This part of code works fine and builds the dictionary fine.
#!/usr/bin/env python
#-*- coding: utf-8 -*-
import collections
from operator import itemgetter
S_eng = "Hindi constitutional form in India first"
S_hindi = "हिन्दी संवैधानिक रूप से भारत की प्रथम "
word_count = collections.defaultdict( dict )

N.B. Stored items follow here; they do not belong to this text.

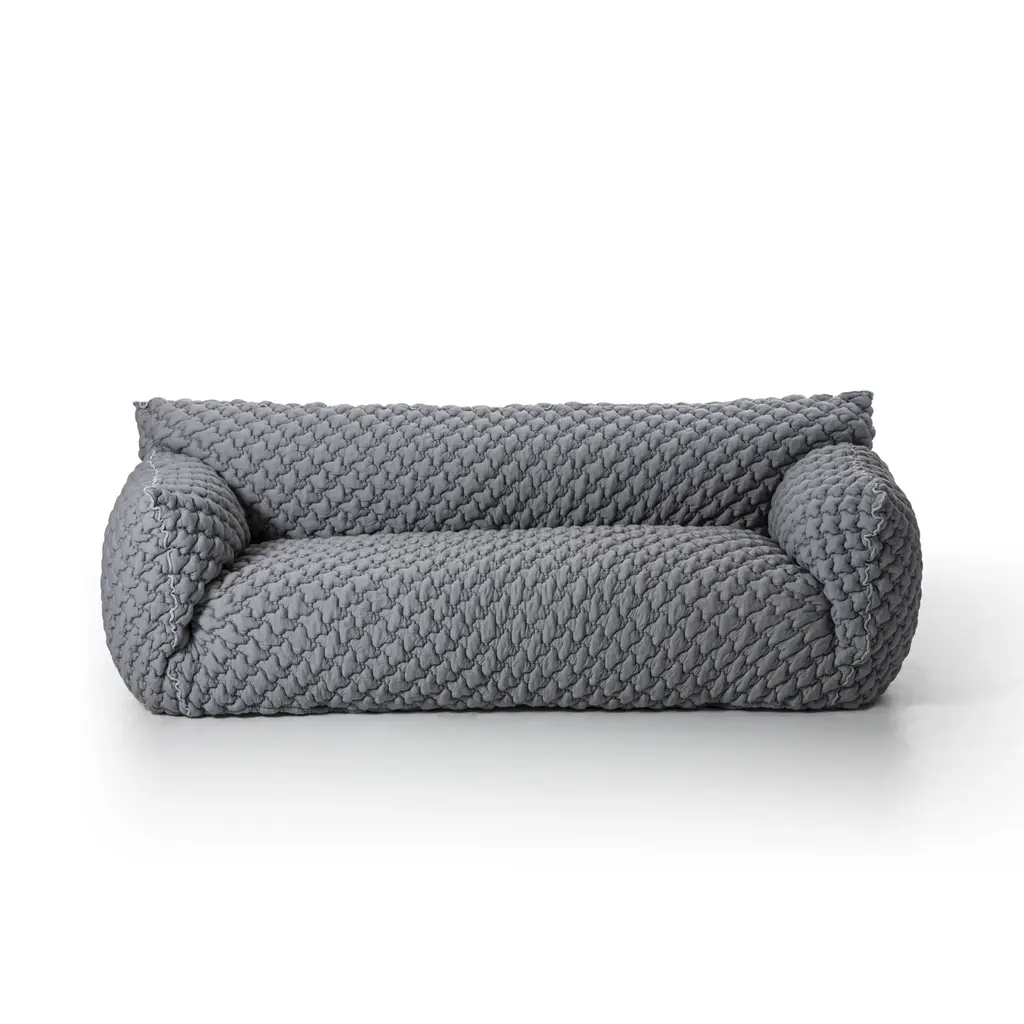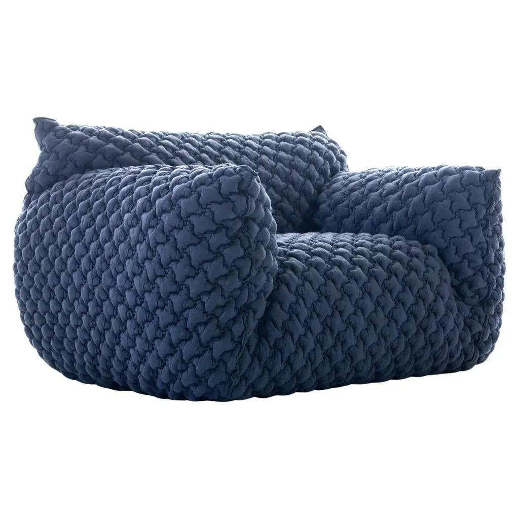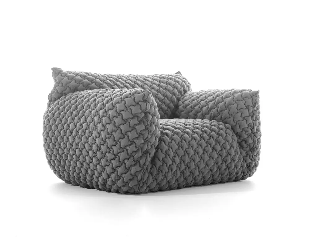 Gervasoni Nuvola 09 ArmchairDesign: Paola NavoneThe Nuvola collection is defined by its soft, inviting shapes that embody comfort and informality. The Nuvola 09 armchair has an aesthetic that invites you to sink in: the high armrests embrace a deep seat, creating a true cocoon effect that feels like a warm hug.This version is upholstered in grey 3D fabric, enhancing its visual softness with a contemporary, textured look that adds depth and versatility to any interior.Available in two sizes, the armchairs are padded with multi-density polyurethane foam for lasting comfort and durability. The upholstery includes a quilted layer filled with goose down and polyester fiber flakes, adding extra softness.The cover is fully removable, with visible stitching that outlines the armchair's silhouette, and is available in all fabrics from the collection, offering the utmost versatility.DimensionsLength: 145 cm / 57.1 inDepth: 110 cm / 43.3 inHeight: 85 cm / 33.5 inSeat height: 48 cm / 18.9 inMaterials & FeaturesMulti-density polyurethane foam paddingQuilted upholstery with goose down and polyester fiber flakesFully removable cover with visible stitchingUpholstery in grey 3D fabric (other fabrics available on request)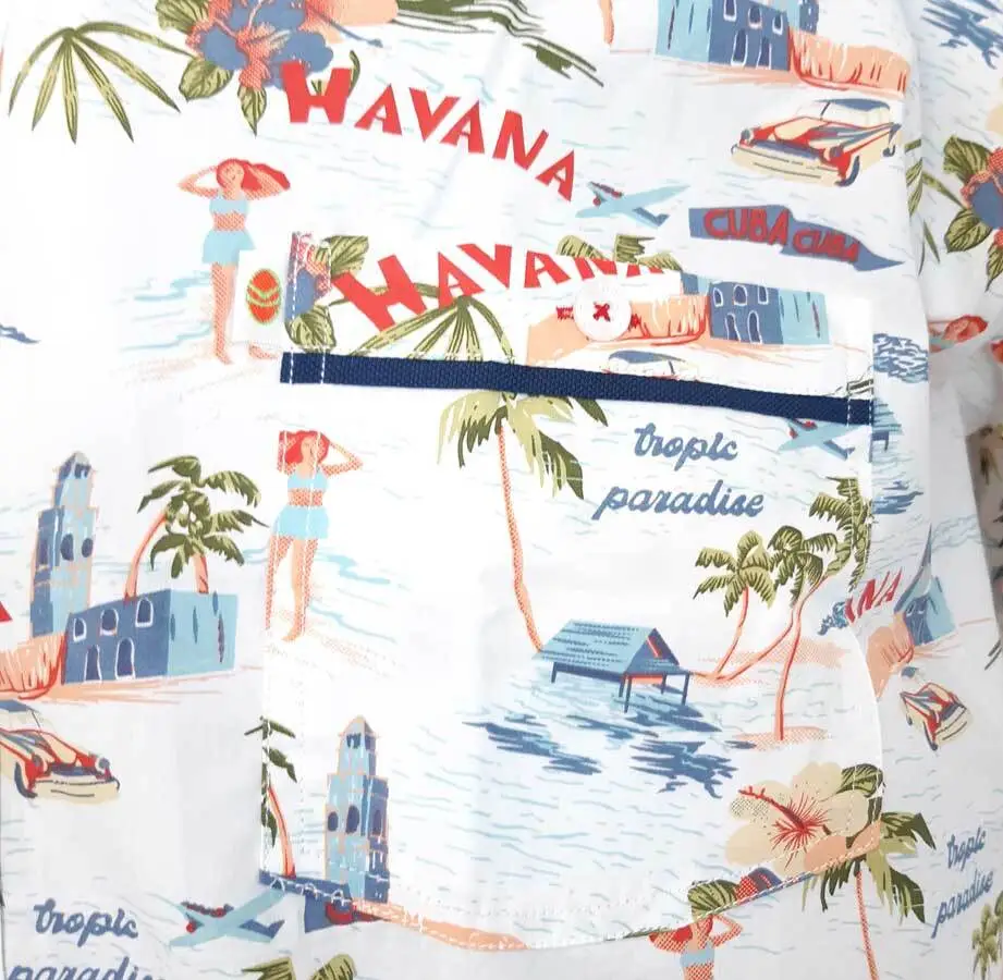 Skjorten har blå kontrast på ærmerne, på lommen og i kraven. På skjorten er der Havana print med bl.a. biler, damer og tropiske blomster.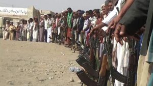 بالصور: استنكارا لمشاركة حكومة هادي في مؤتمر وارسوا قبائل ريمه ينظمون وقفة احتجاجية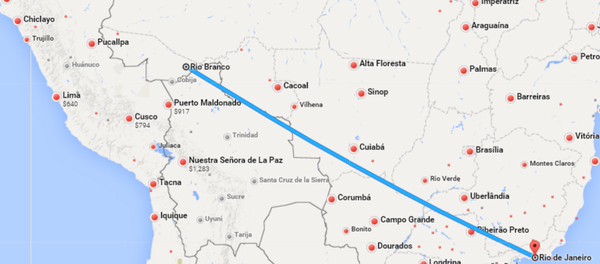 Зная, что внутренние бразильские авиалинии относительно дешёвые, начинаю искать перелёт из ближайшей точки к Перу в Бразилии. И нахожу из Рио Бранко. Это джунгли, что тоже круто.

for st in S_eng .split(" "):
for st_1 in S_hindi.split(" "):
print type(st), type(st_1)
word_count[st][st_1] = 1
print word_count
But when I try to read a file having English and Hindi sentences and trying to create a dictionary the below happens
#!/usr/bin/env python
#-*- coding: utf-8 -*-
P = defaultdict(dict)
i = "your"
j = "अपने"
if(P[i][j] >= 0):
P[i][j] += 1
else:
P[i][j] = 0
print P
This gives error as:
Traceback (most recent call last):
File "lerxical_probab.py", line 31, in <module>
if(P[i][j] >= 0):
KeyError: '\xe0\xa4\x85\xe0\xa4\xaa\xe0\xa4\xa8\xe0\xa5\x87'
I checked the types of i and j
too both are 'str' only.
Can someone please help in this matter?
And how come one works and other don't?